July 12, 2025, 12:13 a.m.

Business

  • views:526

Trump imposes tariffs on eight countries including Brazil, causing global trade to face another storm

image

Behind the price increase of a cup of coffee is the difficult situation of South America's largest economy being pushed into a global trade vortex, as well as the imminent rise in commodity prices on US supermarket shelves.

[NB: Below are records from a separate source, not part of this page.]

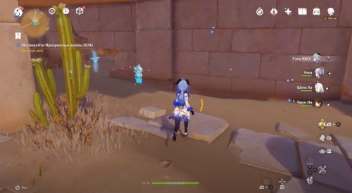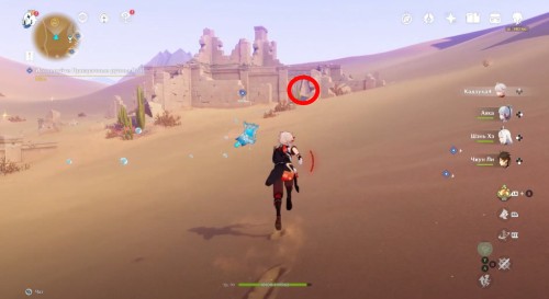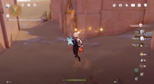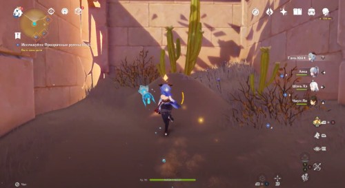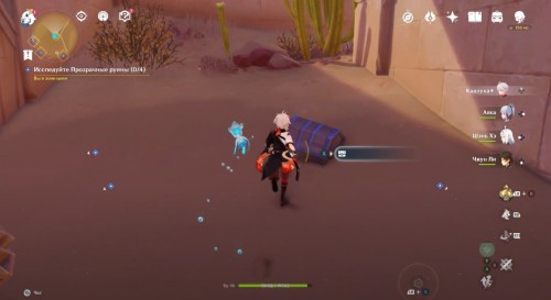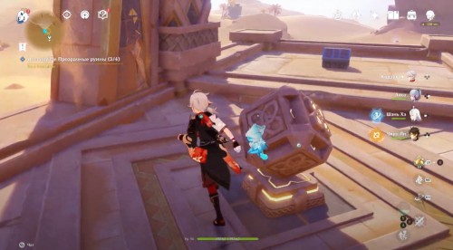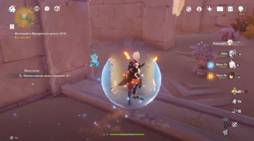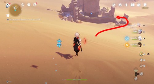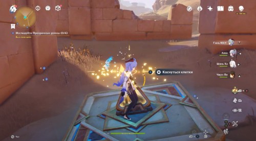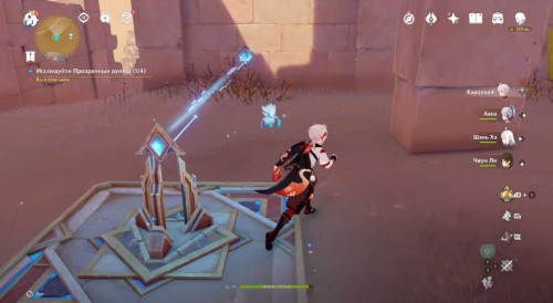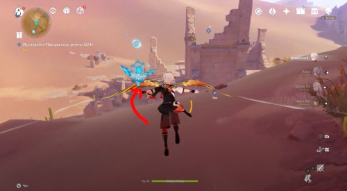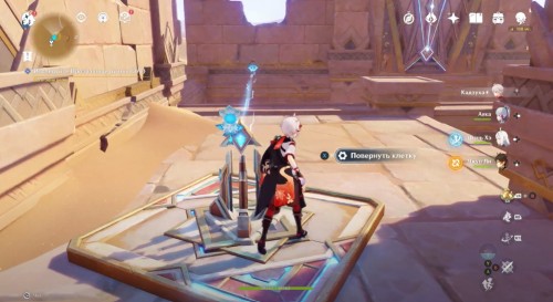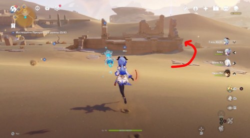 Пройдите налево и сразу еще раз поверните влево. Здесь вы увидите кучу песка, которую нужно развеять Анемо атакой. В результате вы раскроете куб-консоль. Нажмите на него для открытия двери с другой стороны. Пройдите в секретную комнату и осмотрите богатый сундук, чтобы завершить исследование руин.
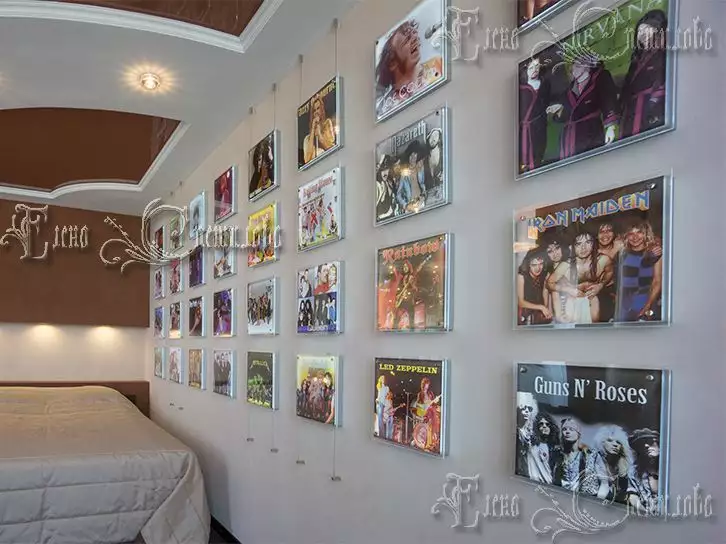 Заказчик настаивал, чтобы рамка отсутствовала. Специально для него разработали конструкцию. Стекло с полноцветной печатью крепится к стене, с помощью дистанционных держателей. Чтобы композиция не смотрелась слишком однообразно, композицию дополнили алюминиевые тросы-струны, проходящие через несколько рядов. На каждый диск предлагалось несколько вариантов дизайна. В итоге выбиралось окончательное изображение музыканта или группы. Шрифты с названиями писались вручную. Продумывалось так же расположение дисков по значимости исполнителя.
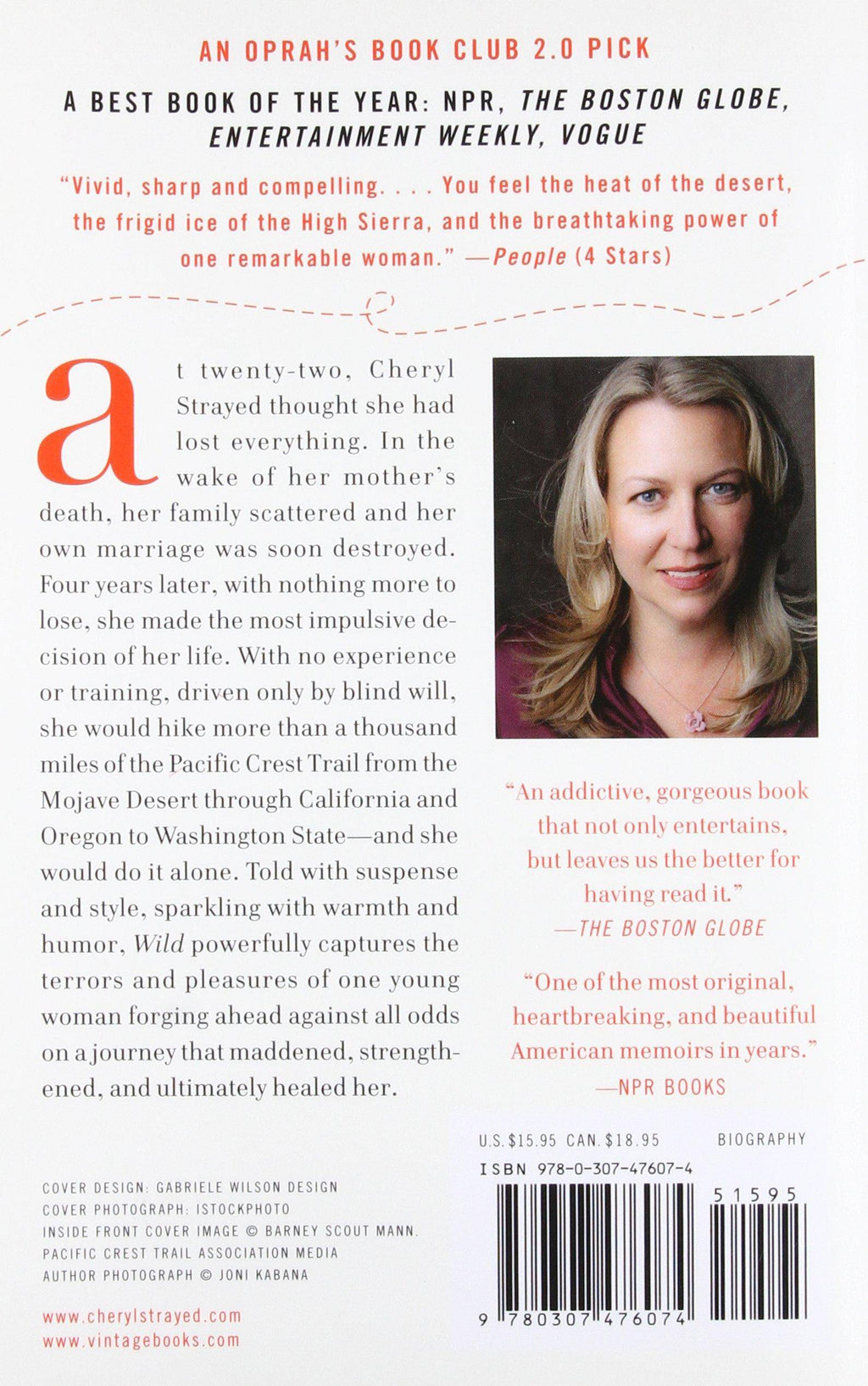 Annotation: In the wake of her mother's death, with her family scattered, and in the ashes of a failed marriage, Cheryl Strayed made the impulsive decision to hike the Pacific Crest Trail. Wild powerfully tells the story of her adventure, capturing the terrors and pleasures of a young woman forging ahead against all odds and the healing power of her trip.
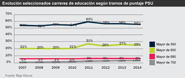 En términos generales, de todos los alumnos que este año fueron seleccionados en Pedagogía, el 57% obtuvo 550 puntos o más en la PSU, es decir, que estuvieron en el tercio de mejor desempeño en la prueba. Si bien en términos brutos su número aumentó (de 4.693 a 5.842), su proporción bajó respecto del año anterior, pasando de representar el 58% al 56% del total de seleccionado en la carrera. Esto se explica porque este año aumentó –de 8.304 a 10.174– el número total de alumnos seleccionados en Pedagogía.
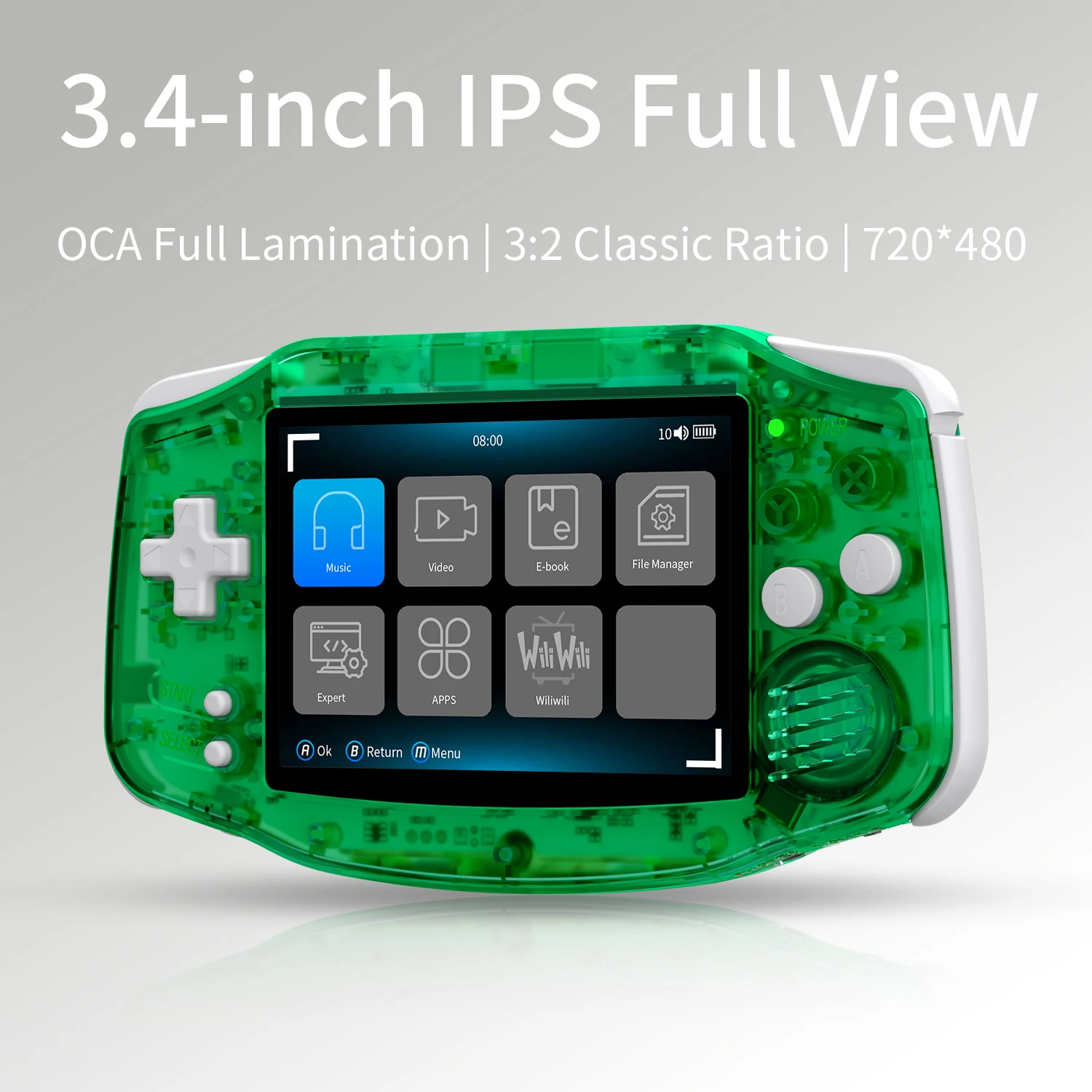 RG34XX 레트로 게임 콘솔 3.4 인치 IPS 전체 뷰 각도 화면 720*480 고해상도는 게임 콘솔 화면 세부 사항을 더 선명하게, 화면은 업그레이드 된 강화 유리를 사용, 견고한 보호, 내구성과 산산조각 저항 보장.
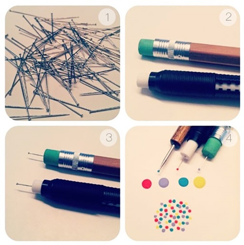 เพียงแค่สาวๆ นำตะปูตัวเล็กๆ มาปักเข้ากับยางลบ เท่านี้สาวๆ ก็จะได้ตัวตะปูไว้สำหรับการเพ้นท์ลายจุดที่ง่ายแสนง่ายกว่าการใช้พู่กันอีกค่ะ แถมยังมีหลายขนาดแล้วแต่หัวตะปูที่สาวๆ เลือกมาอีกด้วยค่ะ

Carlos Silva, the owner of a coffee plantation in Sao Paulo, stared at the news on his phone screen with a furrowed brow. The Trump administration announced a 50% tariff on all imported goods from Brazil starting from August 1st, resulting in nearly 30% of his coffee bean export orders being cancelled overnight. This is much higher than the 10% tax rate in April, "he said to the workers beside him with a bitter smile." Our coffee may become a luxury item in American supermarkets

At the same time, in a supermarket in Virginia, consumer Lisa looked at the Brazilian orange juice labels on the shelves completely unaware that the prices of these products could rise by 20% -30% in a month. The global trade landscape is experiencing a new round of severe fluctuations, and the cost of living for ordinary people is about to directly bear the impact of this tariff storm.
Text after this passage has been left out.